Rather than trying to narrow my favorite books from 2013 down to a top 10, I went back through my reading log and asked which books had made a lasting impression on me. Here's what I came up with. 18 books in all, listed in the order I read them. I've included the year of publication in parentheses, since I don't necessarily nor even usually read books the year they come out.
Julie's Wolf Pack, by Jean Craighead George (1997). Middle grade/YA fiction mostly from the POV of wolves, and so incredibly absorbing and moving.
Libriomancer, by Jim C. Hines (2012). Contemporary-set fantasy where books are the source of magic.
A Year of Biblical Womanhood, by Rachel Held Evans (2012). Wherein Evans shows just how selective anyone who claims to interpret the Bible literally actually is by trying to live out its commands to women exactly.
Miss Jacobson's Journey, by Carola Dunn (1992). Traditional Regency romance (i.e. "sweet," though I hate that word for most anything other than dessert or a baby) with a very non-traditional heroine and setting.
Whose Names are Unknown, by Sanora Babb (written in 1939, published 2004). An account of the Dust Bowl, published decades after it was written because at the time Random House, which had acquired the manuscript, decided there was no room in the market for another book on the same theme as The Grapes of Wrath.
The Antidote, by Oliver Burkeman (2012). Wherein the key to happiness is to stop working so hard at being happy. I need to re-read this one...
Things I Can't Forget, by Miranda Kenneally (2013). YA romance in which a very good, very religious girl learns to be less hard on herself and others. I could relate since I pretty much was the heroine back in the day.
Bloodlands, by Timothy Snyder (2012).

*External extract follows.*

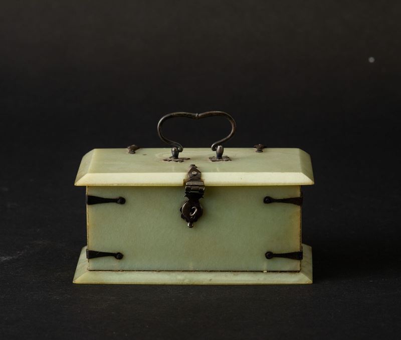 Cofanetto in giada Celadon e montatura in argento, Cina, Dinastia Qing, epoca Daoguang (1821-1850)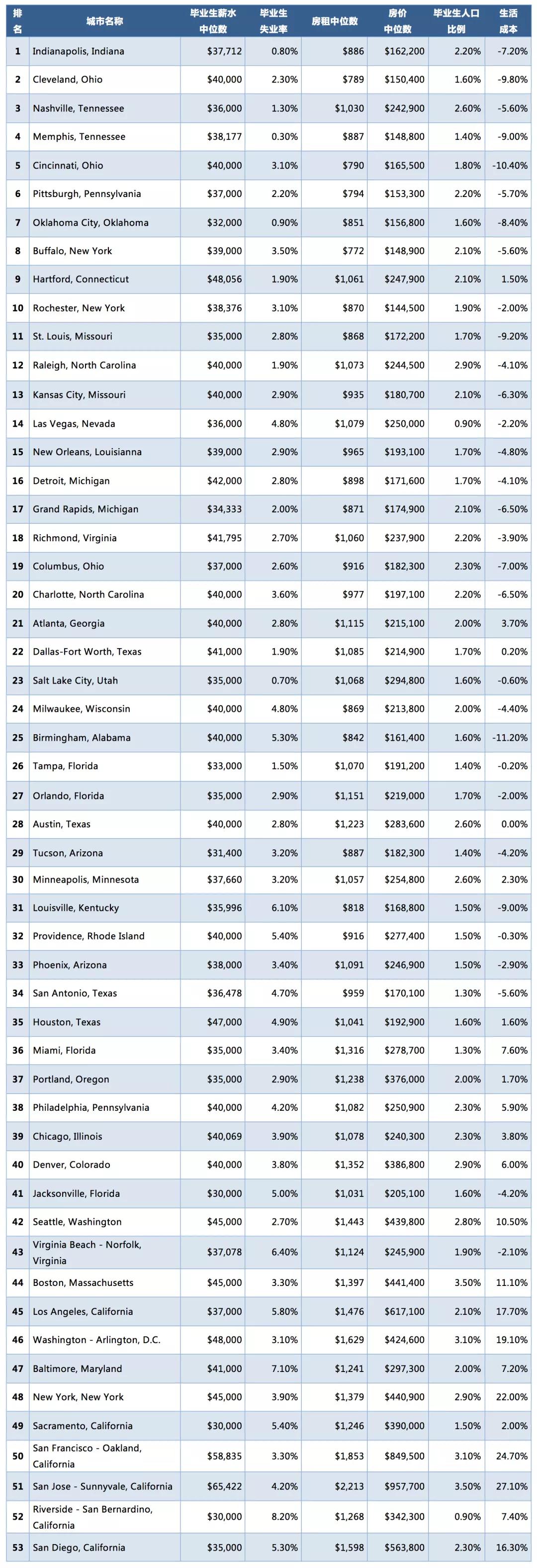 除了排名,调查还得出了毕业生找工作的有趣数据。杰克逊维尔(Jacksonville)、萨克拉门托(Sacramento)和河滨-圣伯纳迪诺(Riversie-San Bernaino)的毕业生薪水中位数只有3万美元,是上榜的大都市中最低的。

The horrors of WWII as experienced by the civilian population, both Jewish and Gentile, of Eastern Europe. A depressing read, but I'm glad I know more of that history than I did before.
Help, Thanks, Wow, by Anne Lamott (2012). On praying for help and with gratitude an appreciation for the wonders of the world.
Sacred Games, by Gary Corby (2013). My favorite entry to date in this mystery series set in Ancient Greece.
The Ides of April, by Lindsey Davis (2013). More historical mystery. I'm not yet as enamored of Flavia Albia as I am of her adoptive papa Marcus Didius Falco, but I'm willing to be won over.
Lawrence in Arabia, by Timothy Johnson (2013). Or, how the European powers planted the seeds of a century of conflict in the Middle East in jockeying for short-term advantage in WWI.
Discount Armageddon, by Seanan McGuire (2012). The most all-around fun book I read all year.
Blood of Tyrants, by Naomi Novik (2013). Left me waiting with bated breath for the next (and I believe final) book in the series.
The Black Count, by Tom Reiss (2012). A black general in Revolutionary France! And despite my extensive knowledge of the era, I'd never heard of him before.
This Wicked Gift, by Courtney Milan (2009). Milan's debut release, a Christmas historical romance novella with non-aristocratic characters.
Fangirl, by Rainbow Rowell (2013). Among other things, a lovely valentine to fandom and what it brings to readers' and writers' lives.
Cracking Up, by Kimberlee Conway Ireton (2013). A memoir on parenthood, anxiety, postpartum depression, and stubborn faith.